Common table expressions make it easy to understand:

  • val captures the input email.
  • get attempts to retrieve the user with the given email. The result is empty if not found.
  • ins creates the new user only if get is empty and returns the new row.
  • Union: Combine the get and ins results to return one user id.

Let’s execute the “create” scenario with explain analyze and the dist option that displays the number of read and write requests. (In PostgreSQL, you may look at buffers, wal to understand the execution cost).


yugabyte=# explain (analyze, dist, buffers)
execute get_or_create_user_email('john.doe@example.com')
;
                                                                                                                            QUERY PLAN
---------------------------------------------------------------------------------------------------------------------------------------
 Append  (cost=4.20..4.25 rows=2 width=524) (actual time=8.482..8.487 rows=1 loops=1)
   CTE val
     ->  Result  (cost=0.00..0.01 rows=1 width=32) (actual time=0.001..0.002 rows=1 loops=1)
   CTE get
     ->  YB Batched Nested Loop Join  (cost=0.00..4.15 rows=1 width=524) (actual time=0.986..0.986 rows=0 loops=1)
           Join Filter: ((users.email)::text = val.email)
           ->  CTE Scan on val  (cost=0.00..0.02 rows=1 width=32) (actual time=0.004..0.004 rows=1 loops=1)
           ->  Index Scan using users_email_key on users  (cost=0.00..4.12 rows=1 width=524) (actual time=0.923..0.923 rows=0 loops=1)
                 Index Cond: ((email)::text = ANY (ARRAY[val.email, $2, $3, ..., $1024]))
                 Storage Index Read Requests: 1
                 Storage Index Read Execution Time: 0.849 ms
   CTE ins
     ->  Insert on users users_1  (cost=0.02..0.04 rows=1 width=524) (actual time=7.489..7.492 rows=1 loops=1)
           Storage Table Write Requests: 1
           Storage Index Write Requests: 1
           InitPlan 3 (returns $1026)
             ->  CTE Scan on get get_1  (cost=0.00..0.02 rows=1 width=0) (actual time=0.000..0.000 rows=0 loops=1)
           ->  Result  (cost=0.00..0.03 rows=1 width=524) (actual time=7.423..7.425 rows=1 loops=1)
                 One-Time Filter: (NOT $1026)
                 ->  CTE Scan on val val_1  (cost=0.00..0.02 rows=1 width=32) (actual time=0.001..0.002 rows=1 loops=1)
   ->  CTE Scan on get  (cost=0.00..0.02 rows=1 width=524) (actual time=0.988..0.988 rows=0 loops=1)
   ->  CTE Scan on ins  (cost=0.00..0.02 rows=1 width=524) (actual time=7.492..7.497 rows=1 loops=1)
 Planning Time: 7.889 ms
 Execution Time: 12.009 ms
 Storage Read Requests: 1
 Storage Read Execution Time: 0.849 ms
 Storage Rows Scanned: 0
 Storage Write Requests: 2
 Catalog Read Requests: 12
 Catalog Read Execution Time: 10.036 ms
 Catalog Write Requests: 0
 Storage Flush Requests: 1
 Storage Flush Execution Time: 3.231 ms
 Storage Execution Time: 14.117 ms
 Peak Memory Usage: 568 kB

For the creation of a new email, a Read Request is first made to check if the email exists in the Secondary index.
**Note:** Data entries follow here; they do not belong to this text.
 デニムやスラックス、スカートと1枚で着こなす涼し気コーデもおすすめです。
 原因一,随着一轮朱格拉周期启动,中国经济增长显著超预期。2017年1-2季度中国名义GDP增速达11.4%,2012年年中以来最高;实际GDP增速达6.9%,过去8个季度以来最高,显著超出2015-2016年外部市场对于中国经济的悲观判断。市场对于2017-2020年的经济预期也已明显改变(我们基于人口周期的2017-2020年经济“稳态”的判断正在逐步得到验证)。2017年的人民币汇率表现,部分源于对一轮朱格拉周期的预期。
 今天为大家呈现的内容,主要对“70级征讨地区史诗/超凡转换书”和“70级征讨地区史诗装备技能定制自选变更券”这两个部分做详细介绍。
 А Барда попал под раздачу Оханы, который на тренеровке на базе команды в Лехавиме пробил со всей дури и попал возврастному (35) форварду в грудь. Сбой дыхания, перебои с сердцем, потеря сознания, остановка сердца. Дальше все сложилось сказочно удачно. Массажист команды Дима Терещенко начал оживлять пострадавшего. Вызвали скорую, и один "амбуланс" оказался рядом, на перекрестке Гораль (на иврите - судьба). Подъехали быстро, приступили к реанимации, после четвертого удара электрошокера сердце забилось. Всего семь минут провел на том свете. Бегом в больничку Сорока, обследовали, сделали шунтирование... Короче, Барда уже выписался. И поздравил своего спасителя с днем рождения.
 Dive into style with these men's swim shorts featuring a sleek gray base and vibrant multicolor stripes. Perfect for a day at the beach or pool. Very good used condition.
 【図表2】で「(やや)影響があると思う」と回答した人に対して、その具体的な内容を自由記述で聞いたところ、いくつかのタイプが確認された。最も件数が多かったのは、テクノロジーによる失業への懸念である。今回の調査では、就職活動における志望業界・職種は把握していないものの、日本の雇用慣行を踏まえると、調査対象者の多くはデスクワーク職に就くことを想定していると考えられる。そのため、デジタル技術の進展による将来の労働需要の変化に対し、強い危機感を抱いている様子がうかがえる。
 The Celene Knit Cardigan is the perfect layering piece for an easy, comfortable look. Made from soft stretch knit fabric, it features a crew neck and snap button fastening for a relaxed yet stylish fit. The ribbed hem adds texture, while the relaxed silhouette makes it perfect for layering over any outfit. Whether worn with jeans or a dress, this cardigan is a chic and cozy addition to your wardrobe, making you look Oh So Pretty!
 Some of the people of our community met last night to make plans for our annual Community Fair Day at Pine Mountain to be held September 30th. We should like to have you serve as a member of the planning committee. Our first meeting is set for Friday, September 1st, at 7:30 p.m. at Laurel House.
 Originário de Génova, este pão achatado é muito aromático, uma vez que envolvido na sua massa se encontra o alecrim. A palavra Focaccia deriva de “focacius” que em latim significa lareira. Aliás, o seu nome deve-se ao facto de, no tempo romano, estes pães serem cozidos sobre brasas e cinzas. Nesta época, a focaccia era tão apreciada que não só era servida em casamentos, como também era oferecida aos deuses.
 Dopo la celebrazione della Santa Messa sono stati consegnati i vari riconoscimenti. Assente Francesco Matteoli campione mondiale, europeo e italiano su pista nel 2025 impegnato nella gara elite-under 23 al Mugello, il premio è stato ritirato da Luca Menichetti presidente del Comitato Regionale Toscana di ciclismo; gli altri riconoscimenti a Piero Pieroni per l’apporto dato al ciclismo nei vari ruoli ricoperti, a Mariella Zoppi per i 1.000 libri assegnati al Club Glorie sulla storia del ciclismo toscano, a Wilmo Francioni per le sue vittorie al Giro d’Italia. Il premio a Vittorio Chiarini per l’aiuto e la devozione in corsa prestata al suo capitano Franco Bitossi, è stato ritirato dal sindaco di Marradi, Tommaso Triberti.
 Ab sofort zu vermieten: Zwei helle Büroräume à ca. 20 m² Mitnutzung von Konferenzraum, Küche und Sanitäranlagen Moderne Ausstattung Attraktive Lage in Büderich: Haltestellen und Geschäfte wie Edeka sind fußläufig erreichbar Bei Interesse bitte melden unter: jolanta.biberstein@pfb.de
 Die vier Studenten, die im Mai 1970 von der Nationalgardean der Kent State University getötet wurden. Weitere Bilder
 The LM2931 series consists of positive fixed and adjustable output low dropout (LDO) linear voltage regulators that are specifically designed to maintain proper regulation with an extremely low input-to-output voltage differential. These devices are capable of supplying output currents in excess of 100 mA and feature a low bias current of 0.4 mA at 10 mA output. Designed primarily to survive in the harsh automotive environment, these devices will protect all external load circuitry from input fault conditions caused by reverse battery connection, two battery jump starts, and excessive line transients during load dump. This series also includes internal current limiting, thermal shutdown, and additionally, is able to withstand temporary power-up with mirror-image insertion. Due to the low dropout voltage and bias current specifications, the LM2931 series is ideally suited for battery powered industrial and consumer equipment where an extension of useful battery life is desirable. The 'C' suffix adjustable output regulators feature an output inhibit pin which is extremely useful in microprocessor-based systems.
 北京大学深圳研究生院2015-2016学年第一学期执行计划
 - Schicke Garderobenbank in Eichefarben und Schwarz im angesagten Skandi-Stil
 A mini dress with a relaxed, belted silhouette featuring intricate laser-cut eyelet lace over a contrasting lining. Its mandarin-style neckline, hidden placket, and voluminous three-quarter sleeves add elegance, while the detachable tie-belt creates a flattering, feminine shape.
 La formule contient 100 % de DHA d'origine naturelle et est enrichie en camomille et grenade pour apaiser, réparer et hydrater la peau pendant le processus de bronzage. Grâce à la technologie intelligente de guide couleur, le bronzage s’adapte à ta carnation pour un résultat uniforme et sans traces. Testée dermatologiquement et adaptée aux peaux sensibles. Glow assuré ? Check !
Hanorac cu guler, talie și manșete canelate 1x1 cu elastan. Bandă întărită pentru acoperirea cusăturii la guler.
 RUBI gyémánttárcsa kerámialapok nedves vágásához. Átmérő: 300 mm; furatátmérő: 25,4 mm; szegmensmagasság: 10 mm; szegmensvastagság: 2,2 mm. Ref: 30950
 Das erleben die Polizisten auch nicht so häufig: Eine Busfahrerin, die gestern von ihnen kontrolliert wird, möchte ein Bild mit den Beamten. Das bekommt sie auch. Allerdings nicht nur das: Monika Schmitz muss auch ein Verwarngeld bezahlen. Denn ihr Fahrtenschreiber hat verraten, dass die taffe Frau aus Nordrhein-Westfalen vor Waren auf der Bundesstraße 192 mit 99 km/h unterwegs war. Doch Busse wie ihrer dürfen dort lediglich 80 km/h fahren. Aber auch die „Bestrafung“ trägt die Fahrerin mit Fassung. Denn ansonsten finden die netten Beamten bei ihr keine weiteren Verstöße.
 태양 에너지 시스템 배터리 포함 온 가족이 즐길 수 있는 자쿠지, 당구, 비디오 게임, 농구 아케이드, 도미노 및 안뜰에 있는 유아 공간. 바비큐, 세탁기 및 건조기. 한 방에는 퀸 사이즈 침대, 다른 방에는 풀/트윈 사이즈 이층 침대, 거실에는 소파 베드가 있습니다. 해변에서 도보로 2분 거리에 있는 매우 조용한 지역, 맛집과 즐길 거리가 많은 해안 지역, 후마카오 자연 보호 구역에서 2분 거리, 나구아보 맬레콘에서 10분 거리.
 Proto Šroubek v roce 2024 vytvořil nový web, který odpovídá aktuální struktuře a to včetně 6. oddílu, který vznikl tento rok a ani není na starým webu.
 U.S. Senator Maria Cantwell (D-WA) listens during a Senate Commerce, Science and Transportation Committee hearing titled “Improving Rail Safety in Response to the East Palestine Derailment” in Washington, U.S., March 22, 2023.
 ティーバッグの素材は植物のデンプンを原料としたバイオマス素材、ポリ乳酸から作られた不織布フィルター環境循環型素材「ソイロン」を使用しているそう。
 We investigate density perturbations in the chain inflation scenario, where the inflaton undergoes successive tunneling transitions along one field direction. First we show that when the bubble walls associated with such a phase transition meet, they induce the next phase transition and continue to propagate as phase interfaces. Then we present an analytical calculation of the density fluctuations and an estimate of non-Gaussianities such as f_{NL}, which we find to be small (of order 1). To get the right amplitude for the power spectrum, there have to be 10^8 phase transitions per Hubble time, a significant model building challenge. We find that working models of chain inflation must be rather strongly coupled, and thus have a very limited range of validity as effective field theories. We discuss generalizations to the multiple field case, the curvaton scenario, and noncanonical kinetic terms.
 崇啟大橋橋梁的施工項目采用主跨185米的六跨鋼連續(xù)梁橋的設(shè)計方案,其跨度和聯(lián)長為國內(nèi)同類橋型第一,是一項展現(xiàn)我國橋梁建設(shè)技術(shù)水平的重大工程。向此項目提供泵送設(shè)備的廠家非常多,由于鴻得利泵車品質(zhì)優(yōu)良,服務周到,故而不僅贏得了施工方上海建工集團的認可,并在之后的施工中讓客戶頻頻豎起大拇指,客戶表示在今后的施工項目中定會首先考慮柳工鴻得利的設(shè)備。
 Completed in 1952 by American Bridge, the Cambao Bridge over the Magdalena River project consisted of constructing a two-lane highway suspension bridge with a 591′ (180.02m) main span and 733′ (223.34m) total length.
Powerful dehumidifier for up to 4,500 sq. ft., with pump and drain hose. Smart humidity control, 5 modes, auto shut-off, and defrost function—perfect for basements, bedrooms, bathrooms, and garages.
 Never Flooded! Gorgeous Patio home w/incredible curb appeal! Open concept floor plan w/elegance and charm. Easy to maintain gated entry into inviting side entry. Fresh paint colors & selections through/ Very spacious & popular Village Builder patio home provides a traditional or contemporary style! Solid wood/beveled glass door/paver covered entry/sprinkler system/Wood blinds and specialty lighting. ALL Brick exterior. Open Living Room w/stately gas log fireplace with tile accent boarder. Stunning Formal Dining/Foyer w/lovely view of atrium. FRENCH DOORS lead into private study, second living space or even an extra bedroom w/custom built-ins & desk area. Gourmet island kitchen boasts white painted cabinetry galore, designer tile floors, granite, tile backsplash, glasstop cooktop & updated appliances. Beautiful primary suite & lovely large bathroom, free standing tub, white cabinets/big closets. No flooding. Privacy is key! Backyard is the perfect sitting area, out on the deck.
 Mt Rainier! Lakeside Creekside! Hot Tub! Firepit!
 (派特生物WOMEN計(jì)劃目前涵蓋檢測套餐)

This is followed by two write requests to update the table and the secondary index. These two write requests are then batched into one Flush request to reduce the latency.


yugabyte=# explain (analyze, dist, buffers)
execute get_or_create_user_email('john.doe@example.com')
;

                                                              QUERY PLAN
---------------------------------------------------------------------------------------------------------------------------------------
 Append  (cost=4.20..4.25 rows=2 width=524) (actual time=1.420..1.433 rows=1 loops=1)
   CTE val
     ->  Result  (cost=0.00..0.01 rows=1 width=32) (actual time=0.001..0.001 rows=1 loops=1)
   CTE get
     ->  YB Batched Nested Loop Join  (cost=0.00..4.15 rows=1 width=524) (actual time=1.417..1.422 rows=1 loops=1)
           Join Filter: ((users.email)::text = val.email)
           ->  CTE Scan on val  (cost=0.00..0.02 rows=1 width=32) (actual time=0.004..0.004 rows=1 loops=1)
           ->  Index Scan using users_email_key on users  (cost=0.00..4.12 rows=1 width=524) (actual time=1.351..1.354 rows=1 loops=1)
                 Index Cond: ((email)::text = ANY (ARRAY[val.email, $2, $3, ..., $1024]))
                 Storage Table Read Requests: 1
                 Storage Table Read Execution Time: 0.542 ms
                 Storage Table Rows Scanned: 1
                 Storage Index Read Requests: 1
                 Storage Index Read Execution Time: 0.656 ms
                 Storage Index Rows Scanned: 1
   CTE ins
     ->  Insert on users users_1  (cost=0.02..0.04 rows=1 width=524) (actual time=0.004..0.004 rows=0 loops=1)
           InitPlan 3 (returns $1026)
             ->  CTE Scan on get get_1  (cost=0.00..0.02 rows=1 width=0) (actual time=0.000..0.000 rows=1 loops=1)
           ->  Result  (cost=0.00..0.03 rows=1 width=524) (actual time=0.002..0.002 rows=0 loops=1)
                 One-Time Filter: (NOT $1026)
                 ->  CTE Scan on val val_1  (cost=0.00..0.02 rows=1 width=32) (never executed)
   ->  CTE Scan on get  (cost=0.00..0.02 rows=1 width=524) (actual time=1.419..1.425 rows=1 loops=1)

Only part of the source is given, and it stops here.